Advantages of removing transitive dependency
- Data integrity achieved
- Amount of data duplication is reduced
Objectives of Normalization
According to E.F Codd, objectives of normalization are stated below:
- To free the collection of relations from undesirable insertion, update and deleting dependencies
- To reduce the need for restructuring the collection of relations as new types of data are introduced and thus increase the life span of application programs.
- To make the relational model more informative to users.
- To make the collection of relations neutral to the query statistics where these statistics are liable to change as time goes by.
Determinant of Normal Forms
1st Normal Form
- Each table must have a primary key, minimal set of attributes/fields which can uniquely identify records
- The values in each column of a table cannot be divided i.e. atomic values
- There are no repeating group
2nd Normal Form
- All requirement for 1st NF must be met
- Redundant data across multiple rows of a table must be moved to a separate table. The resulting tables must be related to each other by use of foreign key.

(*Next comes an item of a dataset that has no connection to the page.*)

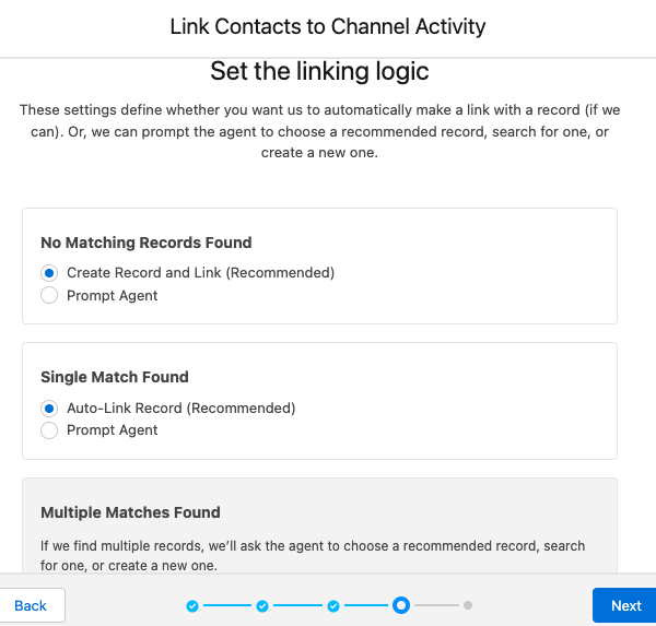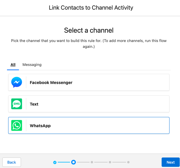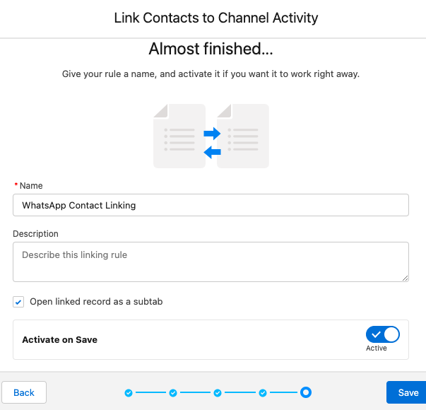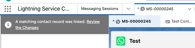 To find matching or create new Contact records for Salesforce WhatsApp Messaging Sessions, make use of Channel-Object Linking.

Foreign key is a field that links one table to another table. A table can have an unlimited number of foreign keys linking to other tables.
3rd Normal Form
- All requirement for 2NF must be met
- Eliminate fields that do not depend on the primary key
- That is any field that is dependent not only on the primary key but also on another field must be moved to another table.
Evaluation
- Draw a table in an normalized form & convert it to 1NF
- Mention five (4) objectives of Normalization
- What is normalization of database.